Photo by Ahmed Zayan on Unsplash
 Harry's tracking spell takes him to a "bad" neighborhood, where many of the building are abandoned, and street lights are out. Look, I'm from the west coast - are there major cities that have these areas? Like, in the city limits? Does Chicago have them? I have seen the neighborhoods Jim Butcher is describing here, in the suburbs of Oakland and "in the county" around St. Louis and Baltimore. But I have never encountered more than half a block together matching this description within the borders of any major city. I don't really see how it could happen. In my experience, the logistical value of actually being in the city sufficiently outweighs almost any other consideration that unless the economy is actively dying, someone will be willing to live basically anywhere remotely habitable if they can afford it, and if substantial amounts of housing stand empty in one spot, it's because it was "renewed" or "developed" into fancy apartments no one can pay for, and those areas don't look all sketchy and boarded up. Well, perhaps he's not in the city proper; I don't know Chicago's geography all that well. Or maybe it's an era thing. I was 10 or something when this book came out. However it happened, here Dresden is, looking at an empty storefront. 

This, once Dresden gets past some rudimentary security measures, is where we get our first look at the Alphas. Billy and Georgia, although she isn't named, are arguing about whether to take some kind of action on their own initiative. The whole group is young and awkwardly goth, clearly nerds, but at odds with Harry's sense of what a nerd is meant to look like. Jim butcher does a good job of separating his own real-world knowledge from his protagonist's here. Obviously, he knows that the nerdy D&D people, the kinky spikes and leather people, and the "pagan enough to have a serious conversation with a werewolf" people are, in fact, mostly the same people, but Harry doesn't know that, because Harry doesn't do activities that involve other humans. 

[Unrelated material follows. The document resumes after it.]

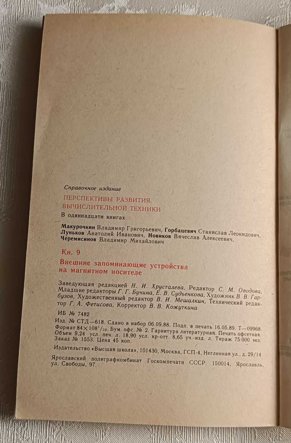 Перспективы развития вычислительной техники: В 11 кн.: Справ. пособие/Под ред. Ю. М. Смирнова. Кн. 9. Внешние запоминающие устройства на магнитном носителе/В. Г. Макурочкин, С. Л. Горбацевич, А. И. Луньков и др. — М.: Высш. шк., 1989. 175 с.: ил.
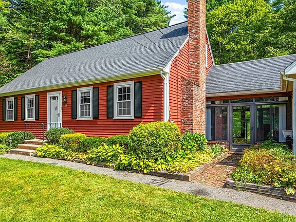 This picture perfect Cape Cod style home offers timeless charm with 2085 sq ft, 4 beds, 2 full baths, fireplaced living room, eat-in kitchen, and fantastic lower level family room/fun room with bar and thoughtful built-ins. An expansive deck (partially covered) and 3 season porch overlook a serene and private .93 acre oasis perfect for enjoying the beauty of mature gardens, fruit trees, a peaceful water feature and the natural buffer of abutting conservation land/trails. Loving cared for by its original owners, the home boasts a 1 yr old roof, young Buderus gas boiler, fresh interior paint, hardwood, an enormous 20 x 12 storage shed, attached garage, and is generator-ready. This is truly a very special property with incredible potential to make it your own!

The kids make reference to "this wolf thing" and to Billy's leadership in a way that makes it sort of unclear whether Terra taught them how to wolf, or whether they figured it out on their own and she stepped in before they could get themselves hurt doing it. I don't think this is ever addressed, but I definitely prefer the latter interpretation, where Terra just found them and was like "OMG no, you are puppies!" which is more or less what she's going here, interrupting their argument and scolding them for their recklessness in having this meeting, much less talking about the kind of action they were planning on. 

Photo by Joshua Bartell on Unsplash

She also tells them she was followed, at pretty much the same time that Harry checks the little dashboard compass he's using as a focus for this tracking spell - it's following her movement as she paces the room. She, in turn, seems to have noticed him lurking in the shadows, behind some empty shelves. She tells the Alphas to join hands, and then puts out the light. Harry could just leave. He should just leave. But instead he tries to follow them out, hoping to get their license plate numbers or something else Murphy can use. He doesn't think any of the Alphas could really be murderers, but Terra totally could. Which she may or may not demonstrate a moment later when something furry and generally wolf-shaped slams into Harry from the side, knocking him over. This would be another extremely reasonable time to Just Leave, but now he's pissed, and all the more determined to get some answers dammit. He makes it to the back room, from whence the Alphas have apparently already left, and before he can decide on his next move, something tackles him from behind. It's a human shaped someone, this time, with a gun. 

Year, iirc it's Murphy. What I don't remember at all is how the subsequent conversation actually goes, so I guess we'll have to wait to talk about that until Saturday. Until then, be gay, do crimes, and read All The Things.